Innovations

Samsung’s Galaxy Gear is a flop, here’s why

Watches are ripe for innovation, but this isn't the answer. (Michael Sohn/Associated Press)

Watches are ripe for innovation, but this isn’t the answer. (Michael Sohn/Associated Press)

One day there will be a new must-have gadget. It will be on every Christmas list. Pop singers will drop its name in their lyrics, and shoppers might trample each other to get it.

Right now, the Samsung Galaxy Gear won’t be that gadget. Reviews have been tepid at best, and one report said that the device’s return rate is above 30 percent at Best Buy.

Samsung hyped up its new product with slick ads that were essentially a collage of smartwatches worn by fictional characters in movies and television shows. Neat! You can finally be like Dick Tracy or Inspector Gadget. But there’s one huge problem.

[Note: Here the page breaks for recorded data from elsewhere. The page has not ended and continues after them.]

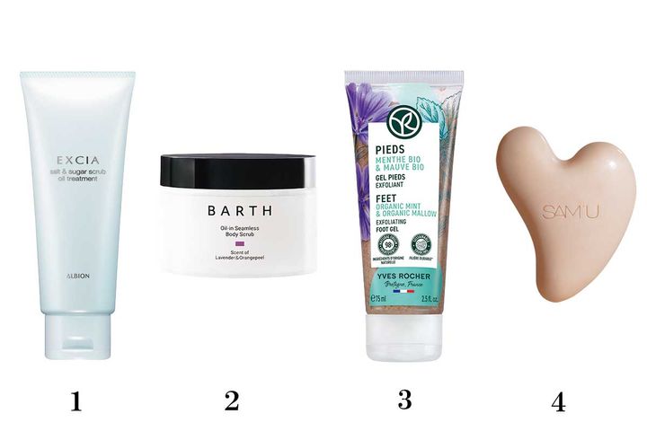 1 エクシア ソルト&シュガースクラブ オイルトリートメント 200g ¥6,600/アルビオン 2 BARTH オイルイン シームレス ボディスクラブ 200g ¥1,980 3 イヴ・ロシェ フットスクラブ 75㎖ ¥1,320 4 サミュ PHセン シティブクレンジングカッサバー 94g ¥2,200/サムシック コスメティックジャパン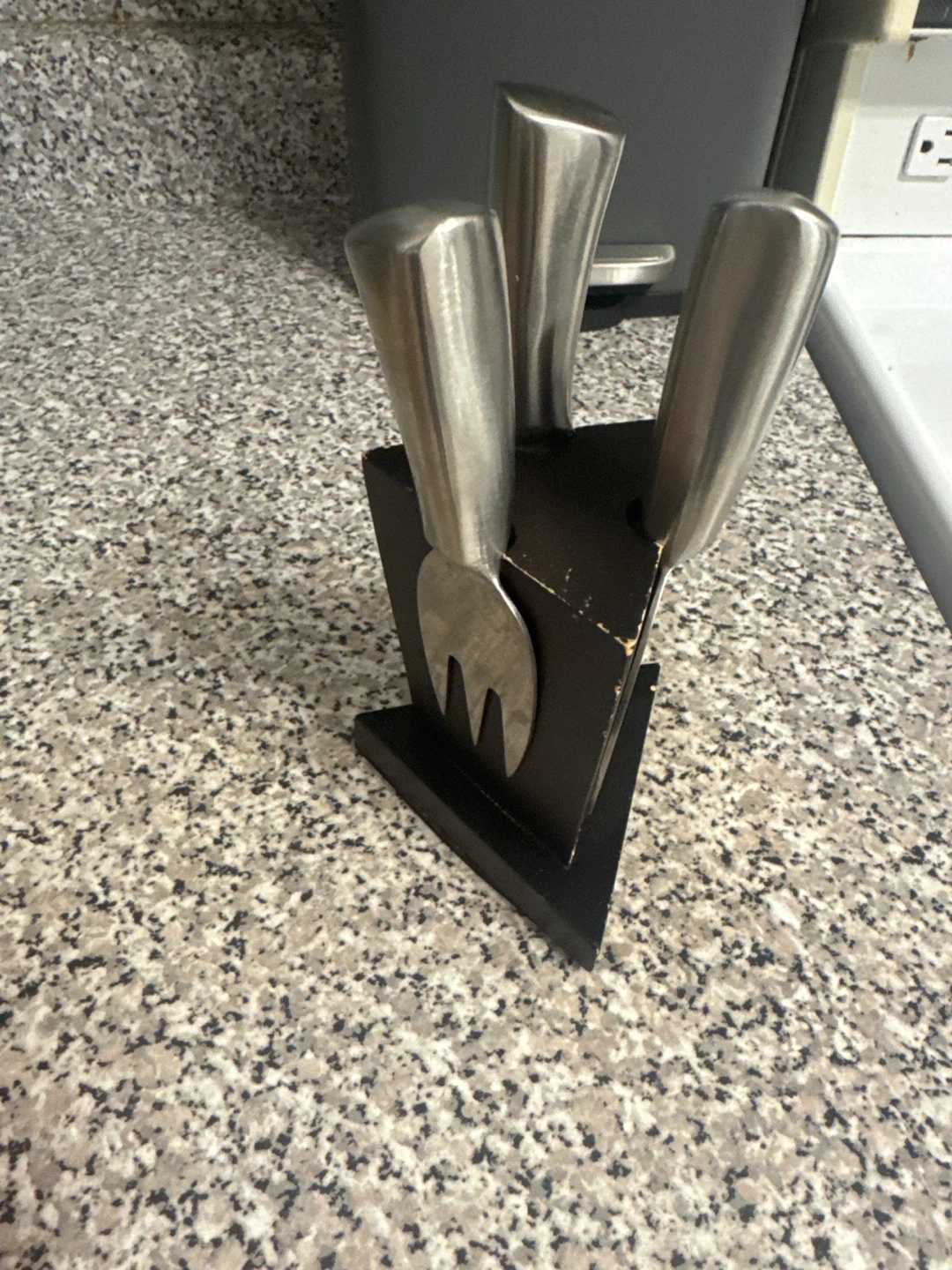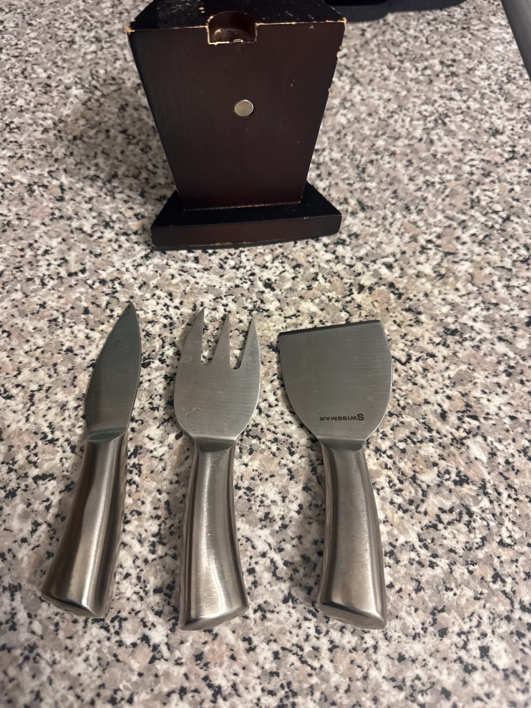 Selling a Swissmar cheese knife set. It comes with a wooden stand and three stainless steel cheese knives, including a cheese knife, cheese fork, and cheese spreader. Great for entertaining!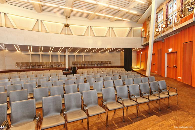 Der Saal der ursprünglich mit einer Holzkonstruktion überbaut war, wurde mit einer massiven Deckenkonstruktion überspannt.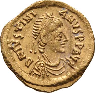 | 10. | Tremissis, "D.N.IVSTINIANVS.P.P.AVG.", hlava zprava /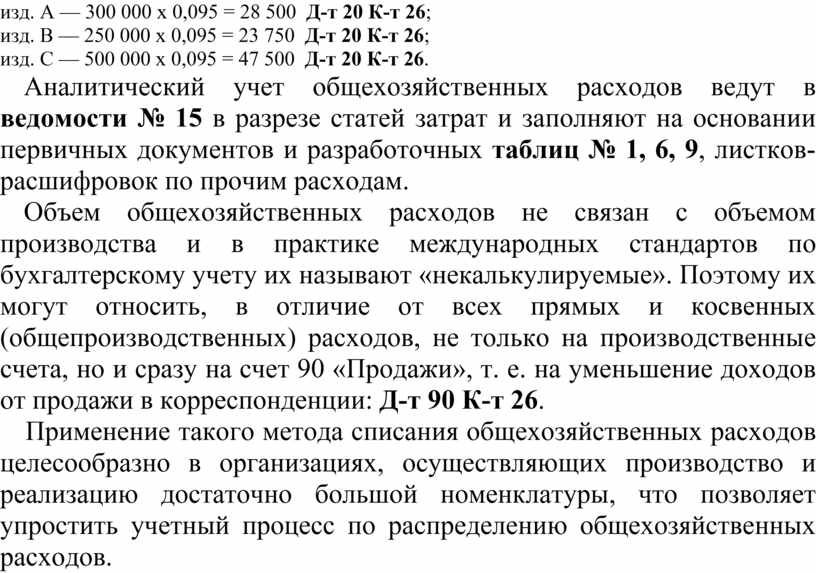 Применение такого метода списания общехозяйственных расходов целесообразно в организациях, осуществляющих производство и реализацию достаточно большой номенклатуры, что позволяет упростить учетный процесс по распределению общехозяйственных расходов.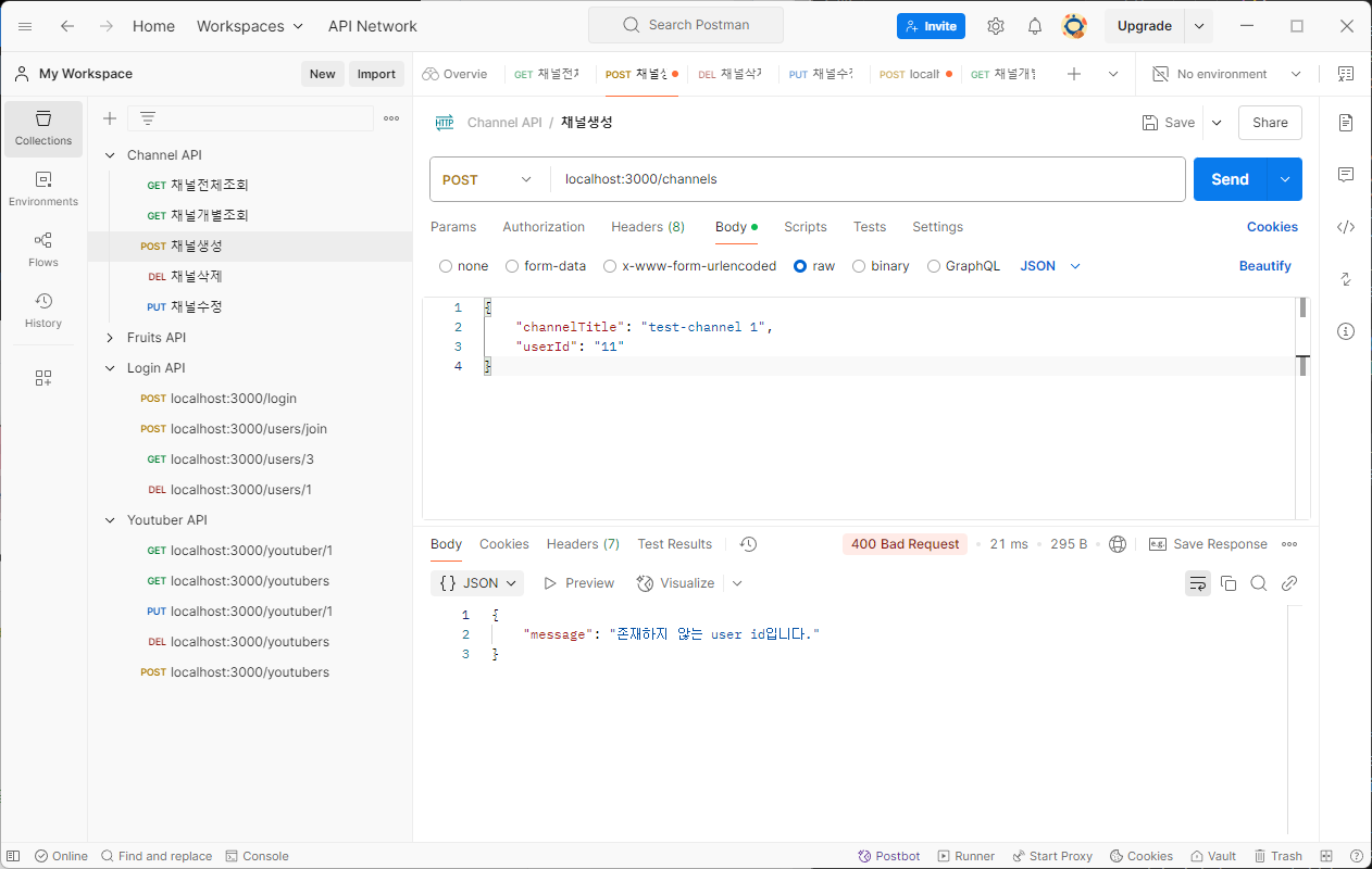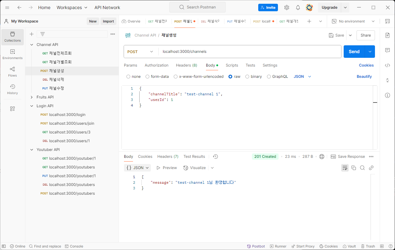 [Node.js] 유튜브 서비스 - 채널 생성, 채널 조회(POST, GET)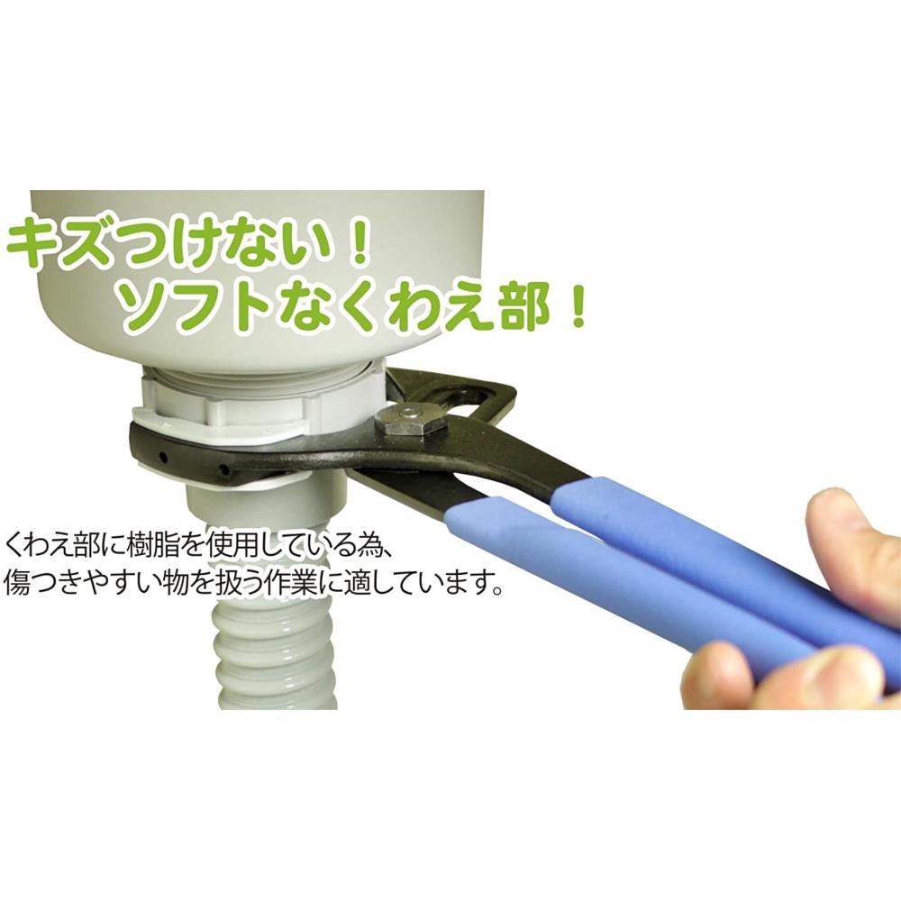 ・くわえ部に樹脂を使用しているため、プラスチックやステンレス、真鍮、メッキ製品など傷つきやすいものを扱う作業に適しています。

Successful innovation isn’t about recreating the past or looking to old shows for inspiration. (Remember the flying cars in the “Jetsons”? Or meals in pill form?) To innovate you have to look forward, and imagine what hasn’t been done but should be.

The watch has been described as bulky and clunky. It doesn’t have a “wow” factor. “Using the Galaxy Gear is like having a maid who only takes out the trash: It’s a high price to pay for something that doesn’t offer much added benefit,” wrote one reviewer.

If you thought overhearing cellphone conversations was annoying, imagine them on speakerphone, which is the only way to talk on a Galaxy Gear.

Samsung appears to know it still has work to do. “We’ve acknowledged that our Gear lacks something special,” a company official was quoted as saying.

There’s certainly potential in smartwatches. But for now, the Galaxy Gear is a digital Maginot Line on your wrist, a technology that borrowed too much from the past instead of going where the world was heading.

Brennen Byrne wrote a smart essay arguing that computers will essentially disappear as they can predict what we need, so we won’t have to interact with them.

Imagine waiting for a bus or train — looking down at your watch — and instantly seeing when your next potential ride arrives. That’s a real innovation, something that changes our lives for the better. But are you going to pay Samsung $300 to check the weather on your watch, rather than pull your smartphone from your pocket?

Combining Google Now — which attempts to offer helpful information before you ask — and a watch might be a winning formula. The company is reportedly nearing a launch of a smartwatch.

It’s too early to say who will make the best smartwatch. Apple is expected to enter the fray as well. Samsung has struck first, but that doesn’t mean the war is over.